The next couple of days, I tried to keep my mind off my problems.
Silena Beauregard, one of the nicer girls from Aphrodite’s cabin, gave me my first riding lesson on a pegasus. She explained that there was only one immortal winged horse named Pegasus, who still wandered free somewhere in the skies, but over the eons he’d sired a lot of children, none quite so fast or heroic, but all named after the first and greatest.
Being the son of the sea god, I never liked going into the air. My dad had this rivalry with Zeus, so I tried to stay out of the lord of the sky’s domain as much as possible. But riding a winged horse felt different. It didn’t make me nearly as nervous as being in an airplane. Maybe that was because my dad had created horses out of sea foam, so the pegasi were sort of … neutral territory.
I could understand their thoughts. I wasn’t surprised when my pegasus went galloping over the treetops or chased a flock of seagulls into a cloud.
The problem was that Tyson wanted to ride the “chicken ponies,” too, but the pegasi got skittish whenever he approached. I told them telepathically that Tyson wouldn’t hurt them, but they didn’t seem to believe me. That made Tyson cry.
The only person at camp who had no problem with Tyson was Beckendorf from the Hephaestus cabin. The blacksmith god had always worked with Cyclopes in his forges, so Beckendorf took Tyson down to the armory to teach him metalworking. He said he’d have Tyson crafting magic items like a master in no time.

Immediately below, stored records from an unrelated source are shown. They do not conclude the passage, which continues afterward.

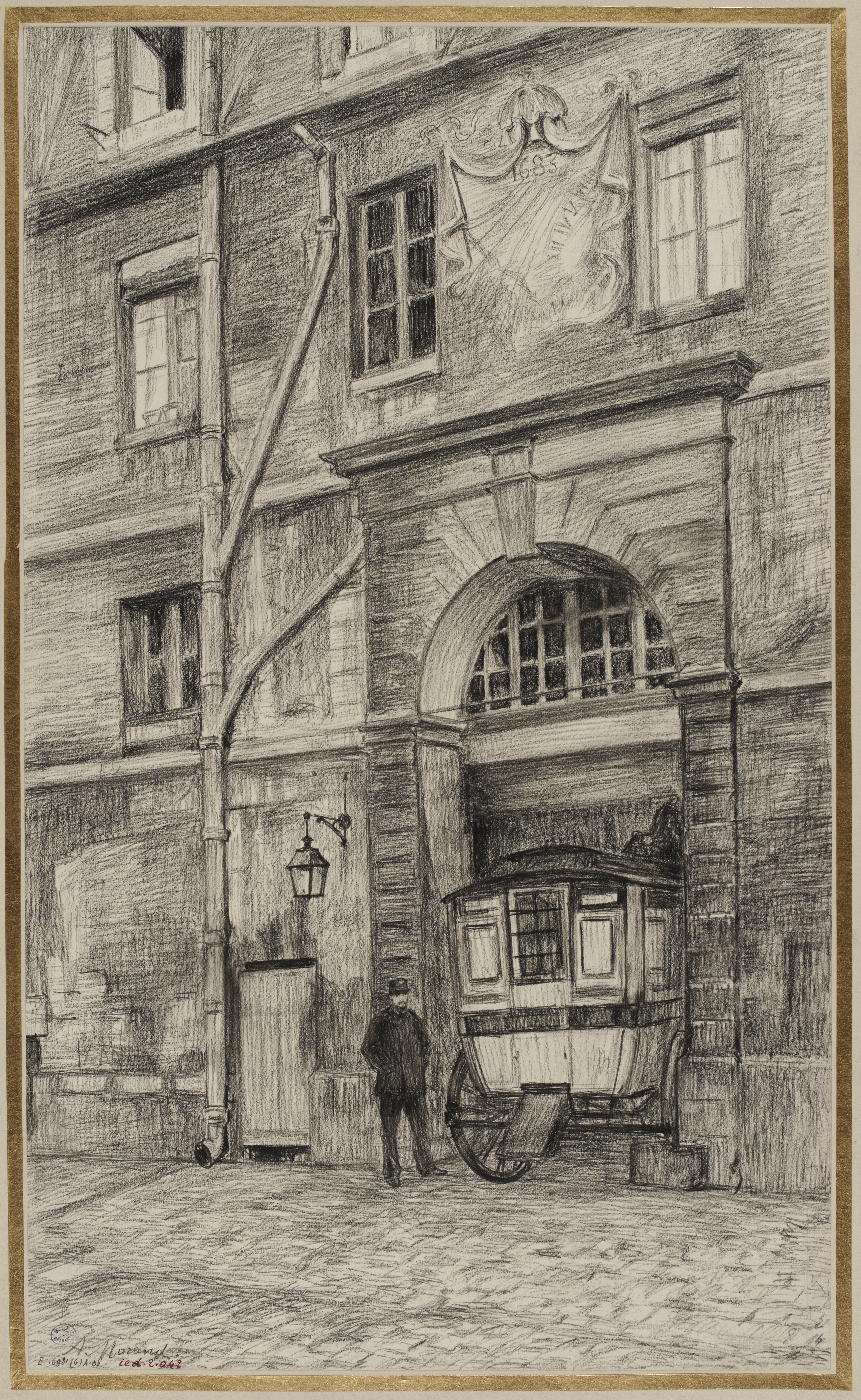 Cart to carry prisoners, at main entry; sundial above
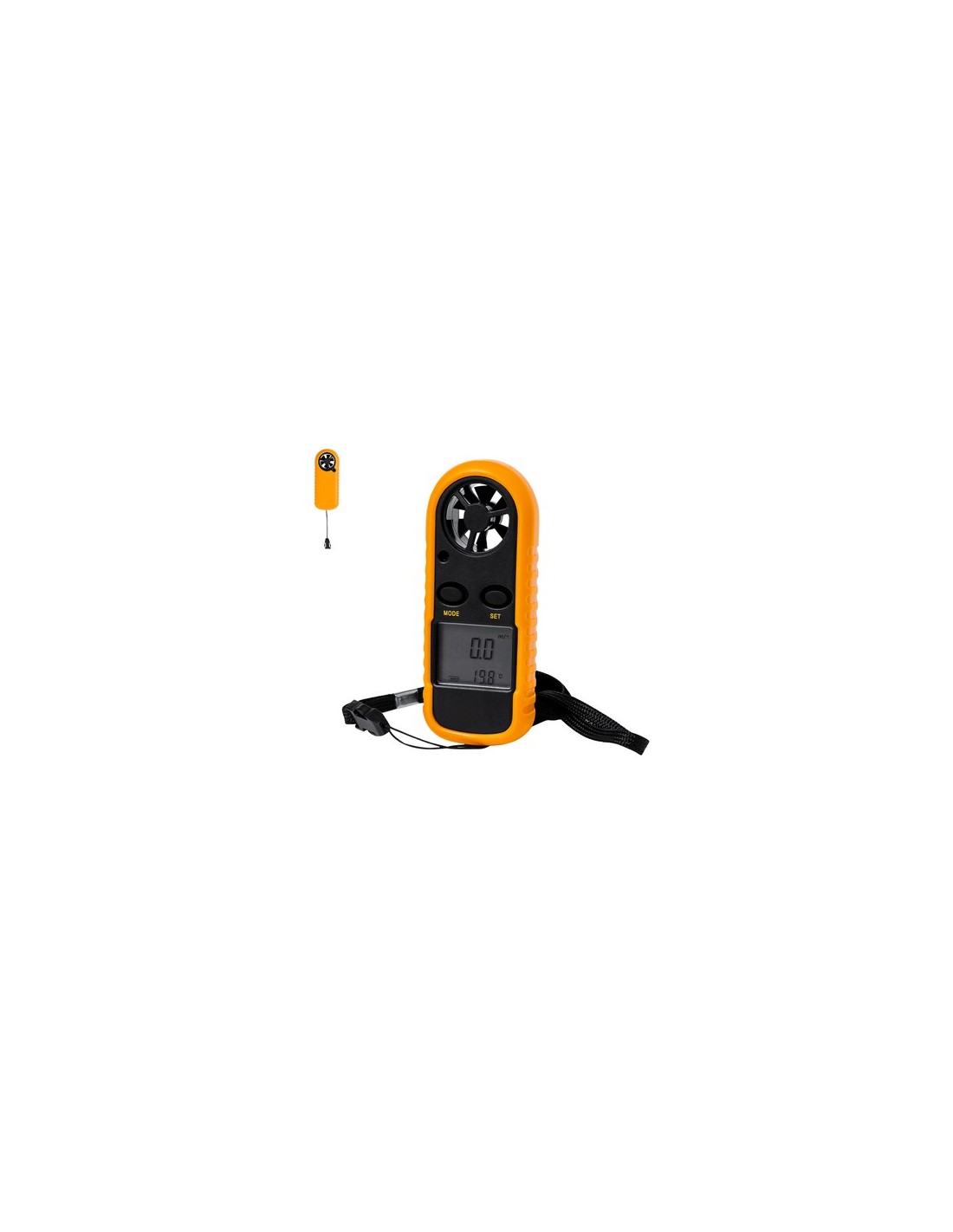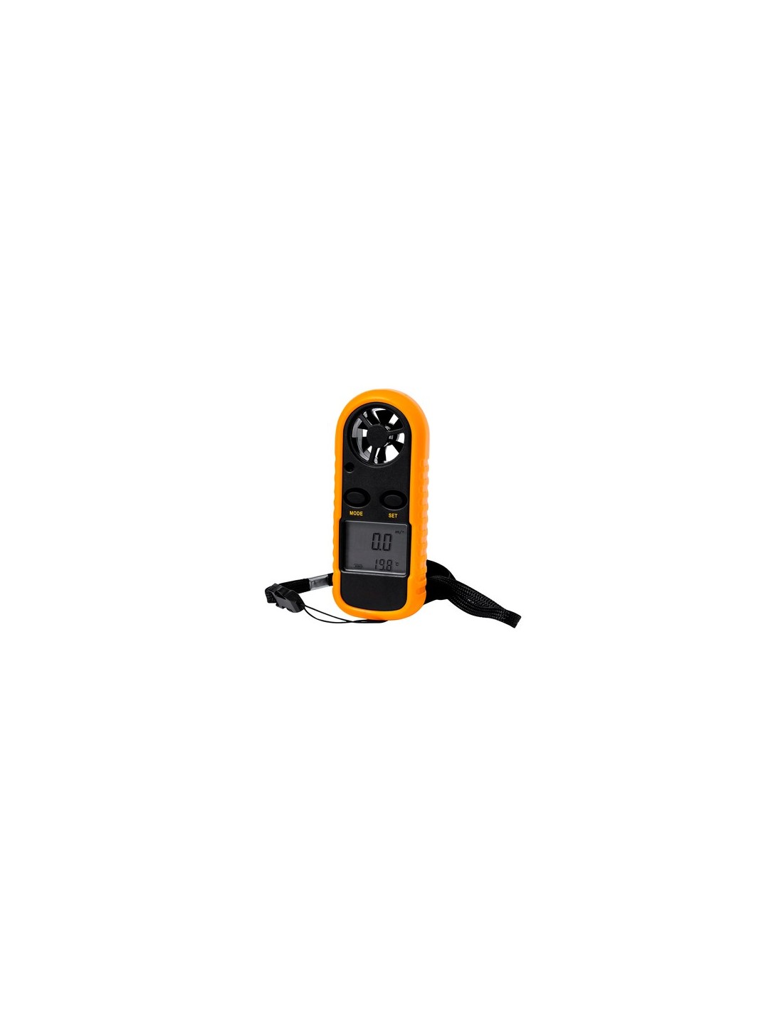 Anemómetro fabricado en resistente ABS. Con pantalla LCD retroiluminada de gran tamaño, que muestra la velocidad del viento, la temperatura y el nivel de batería. Incorpora funciones de medición de velocidad actual del aire, velocidad máxima y promedio. Disponibles multitud de unidades de medida, entre las que destacan la escala de intensidad de Beaufort y la velocidad del aire en distintos formatos (m/s; km/h; ft/min; nudos; mph). Además, muestra la temperatura ambiente en ºC/ºF, la temperatura atmosférica y la sensación térmica. Con función de apagado automático tras unos minutos de inactividad y memoria que permite acceder a los registros almacenados en mediciones anteriores, aunque se haya apagado el dispositivo con anterioridad. Alimentado por pila de botón (incluida) y presentado en caja individual de acabado kraft. Pila Botón Incluida
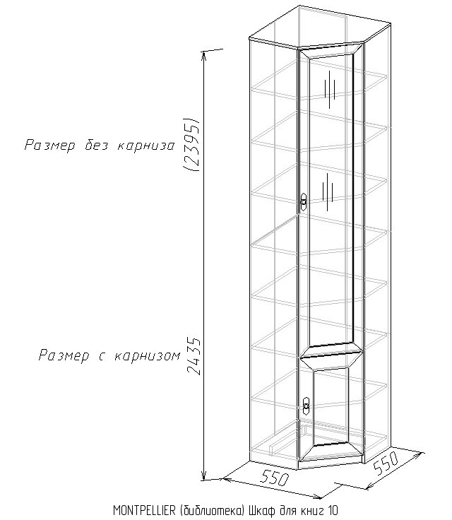 В наши дни наличие кабинета или обустроенного места для работы в современной квартире становится необходимостью, поэтому специалисты Глазовской мебельной фабрики дополнили полюбившуюся многим покупателям коллекцию MONTPELLIER библиотекой. Благодаря модульности коллекции, библиотеку MONTPELLIER можно расположить в Вашем домашнем кабинете или гостиной, выбрав для компоновки именно то, что Вам нужно. Модульная библиотека MONTPELLIER, благодаря светлому декору Дуб Млечный, производит впечатление легкости, надежности и поддерживает позитивный рабочий настрой, при этом комната не кажется перегруженной мебелью. Высокие шкафы надежно крепятся к стене, а тонированные стекла защищают книги от прямых солнечных лучей, пожелтения страниц и пыли. Фасады шкафов по Вашему желанию можно навесить как на правую, так и на левую сторону. Рамочные фасады с филенкой, канелюры, карнизы придают композиции законченный вид.
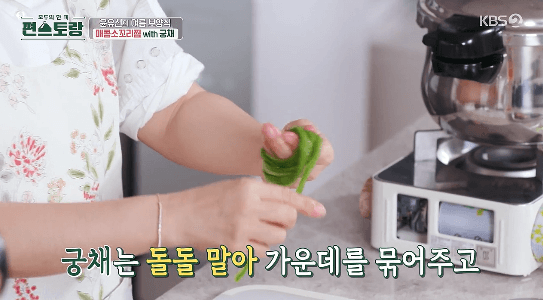 18. 불린 궁채는 돌돌 말아서, 가운데를 묶어줍니다.
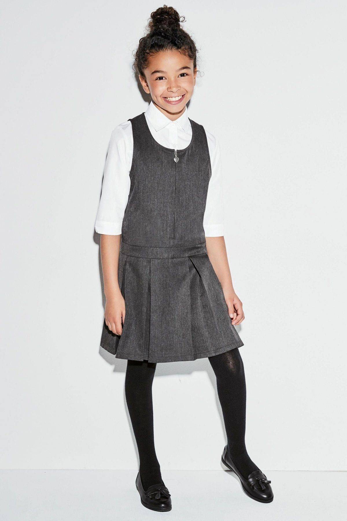 Если комплекты школьной формы вам не особо нравятся и у вас маленькая девочка, стоит попробовать очень практичные школьные формы типа сарафана и платья.

After lunch, I worked out in the arena with Apollo’s cabin. Swordplay had always been my strength. People said I was better at it than any camper in the last hundred years, except maybe Luke. People always compared me to Luke.
I thrashed the Apollo guys easily. I should’ve been testing myself against the Ares and Athena cabins, since they had the best sword fighters, but I didn’t get along with Clarisse and her siblings, and after my argument with Annabeth, I just didn’t want to see her.

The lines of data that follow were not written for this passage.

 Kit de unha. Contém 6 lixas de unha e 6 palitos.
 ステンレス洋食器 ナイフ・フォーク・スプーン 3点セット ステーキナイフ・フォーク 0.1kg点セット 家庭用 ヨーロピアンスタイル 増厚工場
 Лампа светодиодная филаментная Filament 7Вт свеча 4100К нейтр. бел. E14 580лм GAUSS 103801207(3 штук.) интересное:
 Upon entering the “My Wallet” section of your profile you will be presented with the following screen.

I went to archery class, even though I was terrible at it, and it wasn’t the same without Chiron teaching. In arts and crafts, I started a marble bust of Poseidon, but it started looking like Sylvester Stallone, so I ditched it. I scaled the climbing wall in full lava-and-earthquake mode. And in the evenings, I did border patrol. Even though Tantalus had insisted we forget trying to protect the camp, some of the campers had quietly kept it up, working out a schedule during our free times.
I sat at the top of Half-Blood Hill and watched the dryads come and go, singing to the dying pine tree. Satyrs brought their reed pipes and played nature magic songs, and for a while the pine needles seemed to get fuller. The flowers on the hill smelled a little sweeter and the grass looked greener. But as soon as the music stopped, the sickness crept back into the air. The whole hill seemed to be infected, dying from the poison that had sunk into the tree’s roots. The longer I sat there, the angrier I got.
Luke had done this. I remembered his sly smile, the dragon-claw scar across his face. He’d pretended to be my friend, and the whole time he’d been Kronos’s number-one servant.